Kajian Akademis Penerimaan Negara Bukan Pajak pada Layanan
Keselamatan dan Kesehatan Kerja di Direktorat Pengawasan Norma
Keselamatan dan Kesehatan Kerja
1. Latar Belakang ( seksi smk3)
Anggaran Pendapatan dan Belanja Negara (APBN) adalah wujud
dari pengelolaan keuangan negara yang merupakan instrumen bagi Pemerintah untuk mengatur pengeluaran dan penerimaan negara dalam rangka membiayai pelaksanaan kegiatan pemerintahan dan pembangunan, mencapai pertumbuhan ekonomi, meningkatkan pendapatan nasional, mencapai stabilitas perekonomian, dan menentukan arah serta prioritas pembangunan secara umum.
Salah satu unsur APBN adalah anggaran pendapatan negara dan
hibah yang diperoleh salah satunya dari Penerimaan negara bukan pajak (PNBP). Penerimaan Negara Bukan Pajak memiliki kontribusi yang cukup signifikan bagi penerimaan negara. Penerimaan Negara Bukan Pajak tidak hanya dikelola oleh Direktorat Jenderal Pajak, akan tetapi dikelola oleh banyak Kementerian Lembaga, salah satunya Kementerian Ketenagakerjaan melalui Direktorat Jenderal Pembinaan Pengawasan Ketenagakerjaan dan K3 - Direktorat Pengawasan Norma K3.
Seiring dengan perkembangan teknologi di era revolusi industri
4.0 dan meningkatnya kesadaran masyarakat dalam pemenuhan regulasi K3 secara mandiri serta mendukung keberlangsungan usaha guna mewujudkan penguatan sumber daya manusia unggul dan berbudaya K3 di semua sektor usaha. Direktorat Pengawasan Norma K3 berupaya untuk memberikan pelayanan di bidang K3 secara optimal, efektif dan efisien yang langsung dapat diterima oleh masyarakat.
Untuk mengoptimalkan pelaksanaan tugas dan fungsi Direktorat
Pengawasan Norma K3 dalam mewujudkan pelayanan yang profesional, transparan dan akuntabel serta menindaklanjuti Peraturan Pemerintah Nomor 42 Tahun 2018 tentang Jenis dan Tarif Atas Jenis Penerimaan Negara Bukan Pajak maka perlu dilakukan penyempurnaan pengaturan atas pengelolaan PNBP yang Berlaku di Kementerian Ketenagakerjaan.
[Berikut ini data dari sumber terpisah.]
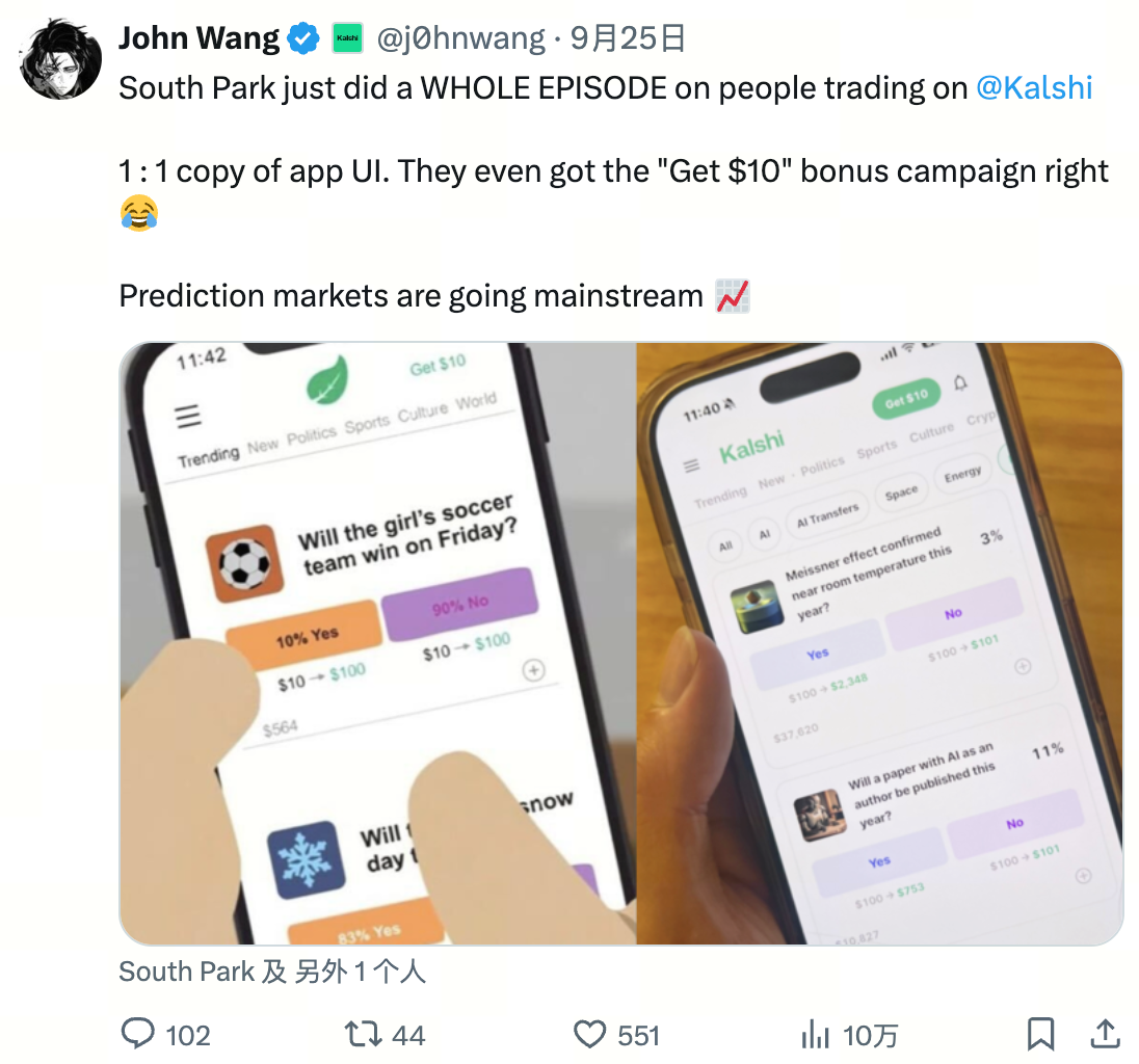 O fator decisivo para esse crescimento foi a exposição em “South Park”. Em setembro, a série exibiu episódio satirizando o setor de mercados de previsão, com destaque para a Kalshi e seu aplicativo móvel. Após a exibição, a participação de mercado da Kalshi disparou, evidenciando que o interesse do público gerou aumento real de usuários.

2. Dasar Hukum (seksi KBLPK)
1. Pasal 5 ayat (2) Undang-Undang Dasar Negara Republik Indonesia
Tahun 1945;
2. Undang-Undang Nomor 1 Tahun 1970 tentang Keselamatan Kerja
(Tambahan Lembaran Negara Republik Indonesia Nomor 2918);
3. Undang-Undang Nomor 9 Tahun 2018 tentang Penerimaan Negara
Bukan Pajak (Lembaran Negara Republik Indonesia Tahun 2018 Nomor 147, Tambahan Lembaran Negara Republik Indonesia Nomor 6245); 4. Undang-Undang No. 11 Tahun 2020 tentang Cipta Kerja (Lembaran Negara Tahun 2020 Nomor 245, Tambahan Lembaran Negara Nomor 6573);
5. Peraturan Pemerintah Nomor 22 Tahun 1997 tentang Jenis dan
Penyetoran Penerimaan Negara Bukan Pajak (Lembaran Negara Republik Indonesia Tahun 1997 Nomor 57, Tambahan Lembaran Negara Republik Indonesia Nomor 3694) sebagaimana telah diubah dengan Peraturan Pemerintah Nomor 52 Tahun 1998 tentang Perubahan atas Peraturan Pemerintah Nomor 22 Tahun 1997 tentang Jenis dan Penyetoran Penerimaan Negara Bukan Pajak (Lembaran Negara Republik Indonesia Nomor 1998 Nomor 85, Tambahan Lembaran Negara Republik Indonesia Nomor 3760).
3. Identifikasi Masalah (seksi PAA dan MPUBT)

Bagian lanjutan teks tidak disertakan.